> Source data
____________

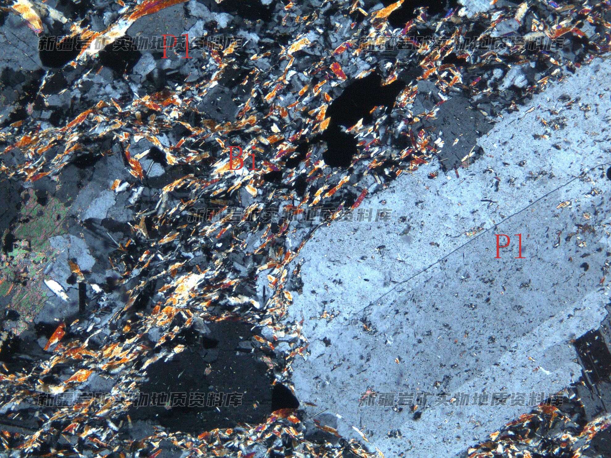 岩石特征描述: 岩石具斑状结构,斑晶为斜长石(Pl),呈半自形板状分布。基质由细粒斜长石和云母(Bi)等构成。
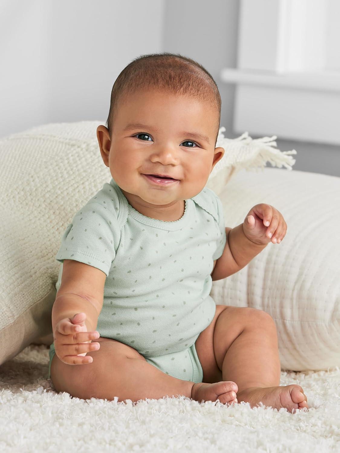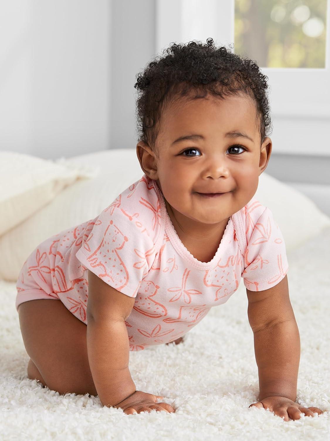 Simplify dressing your baby girl with this 6-pack of short-sleeve bodysuits from Simple Joys by Carter's. Each bodysuit features expandable shoulders that make it easy to slip over your baby’s head, while the strong, nickel-free snaps ensure quick and hassle-free diaper changes. Made from soft fabric, these bodysuits are gentle on your baby's skin and perfect for everyday wear. The tagless design eliminates irritation, keeping your baby comfortable all day long. With OEKO-TEX Standard 100 certification, you can trust that these bodysuits are safe and free from harmful substances. Available in a convenient 6-pack, these bodysuits provide exceptional value and are designed to mix and match easily with any outfit. Simple Joys by Carter's delivers high-quality, stylish clothing at affordable prices, making this 6-pack a smart choice for parents looking for both quality and value.
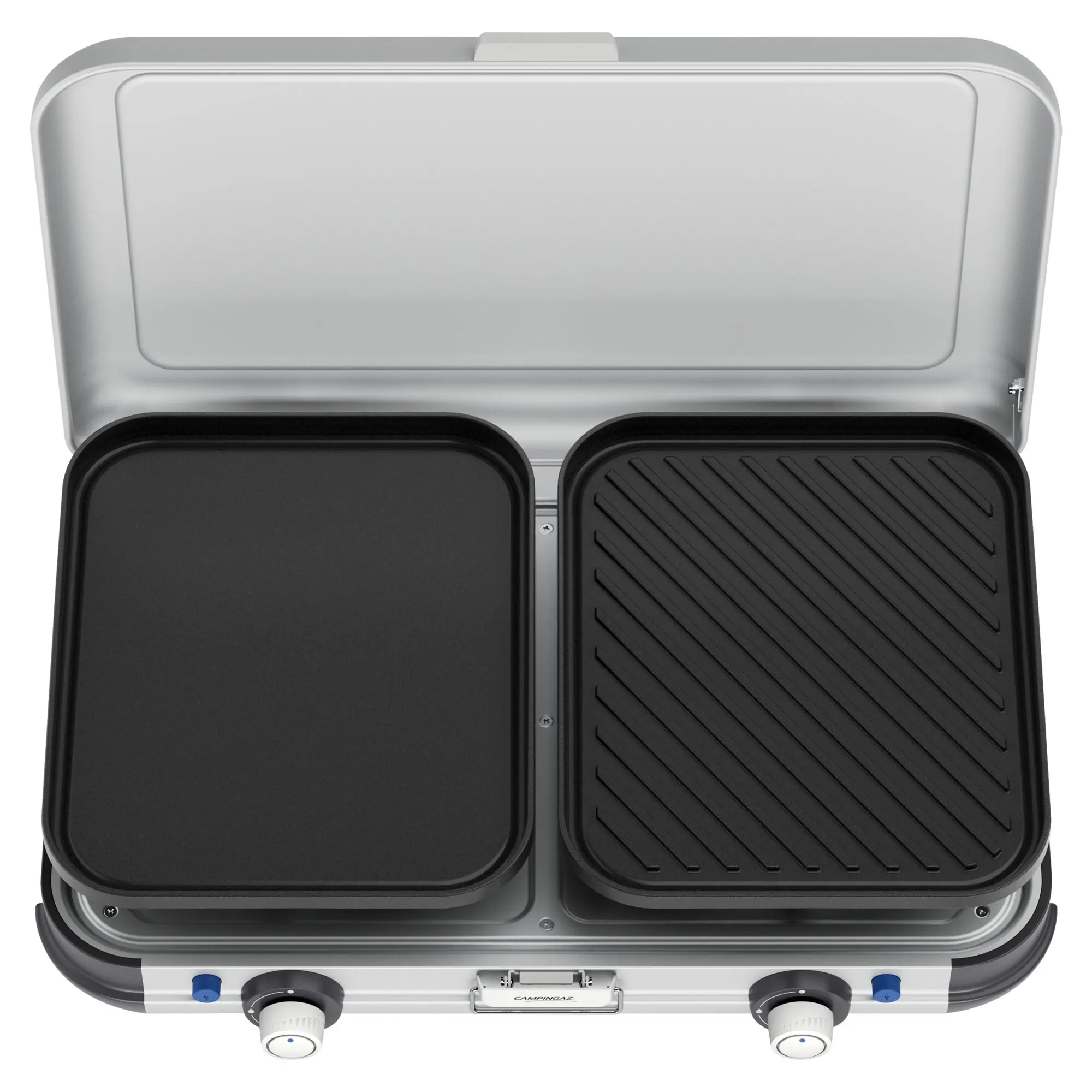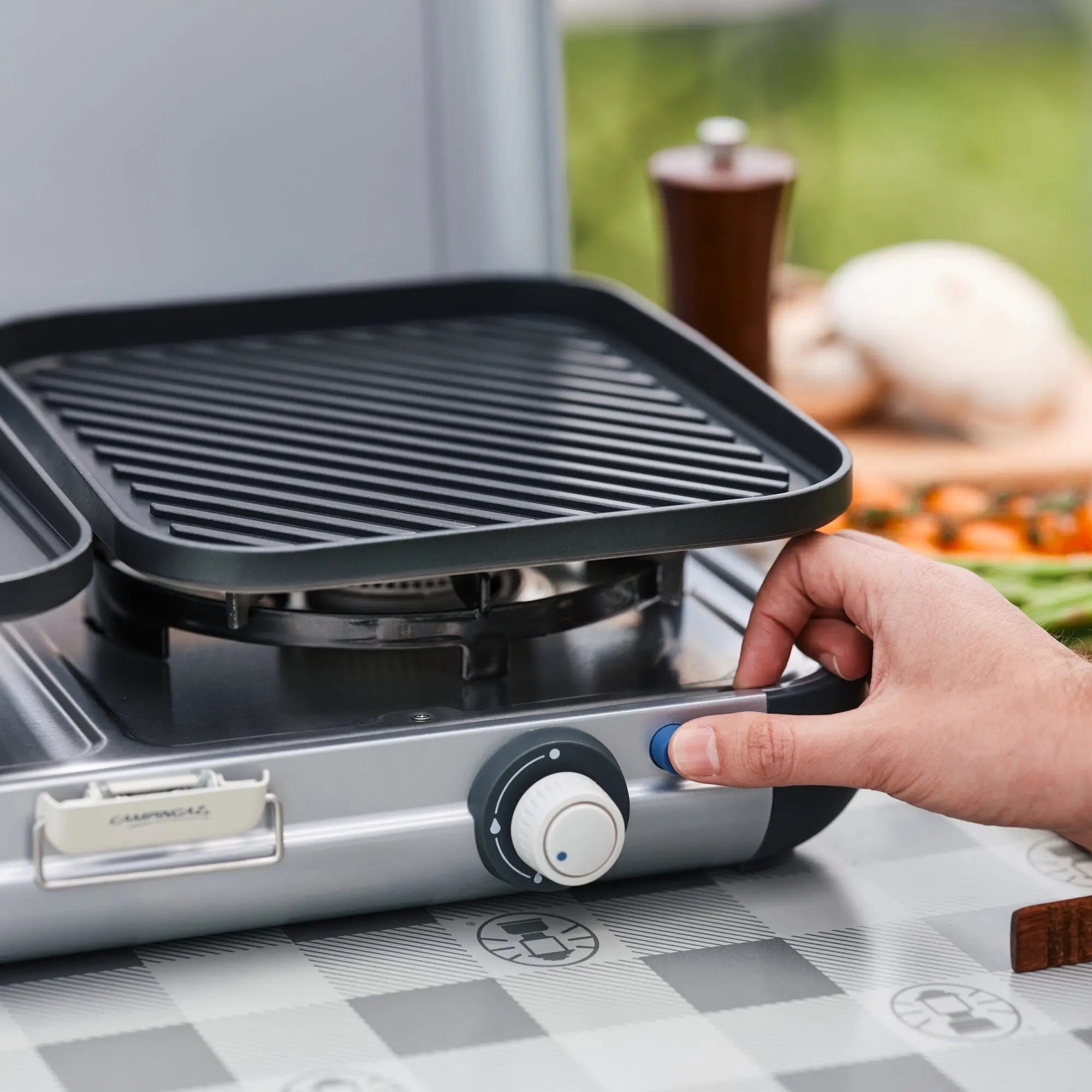 The Camping Kitchen™ 2 GRILL & GO is a versatile cooking and grilling companion with a 2-burner stove, removable grill grate and plancha plate. Ideal for outdoor adventures or social gatherings at home. Pan support ø 20 cm. Incl. transport bag.

____________

> Task to carry out
Nothing but the lines from the first line of the listing above to the line containing "Simplify dressing your" should appear in the answer, each one exact and with no pictures.

> Answer space
 岩石特征描述: 岩石具斑状结构,斑晶为斜长石(Pl),呈半自形板状分布。基质由细粒斜长石和云母(Bi)等构成。
 Simplify dressing your baby girl with this 6-pack of short-sleeve bodysuits from Simple Joys by Carter's. Each bodysuit features expandable shoulders that make it easy to slip over your baby’s head, while the strong, nickel-free snaps ensure quick and hassle-free diaper changes. Made from soft fabric, these bodysuits are gentle on your baby's skin and perfect for everyday wear. The tagless design eliminates irritation, keeping your baby comfortable all day long. With OEKO-TEX Standard 100 certification, you can trust that these bodysuits are safe and free from harmful substances. Available in a convenient 6-pack, these bodysuits provide exceptional value and are designed to mix and match easily with any outfit. Simple Joys by Carter's delivers high-quality, stylish clothing at affordable prices, making this 6-pack a smart choice for parents looking for both quality and value.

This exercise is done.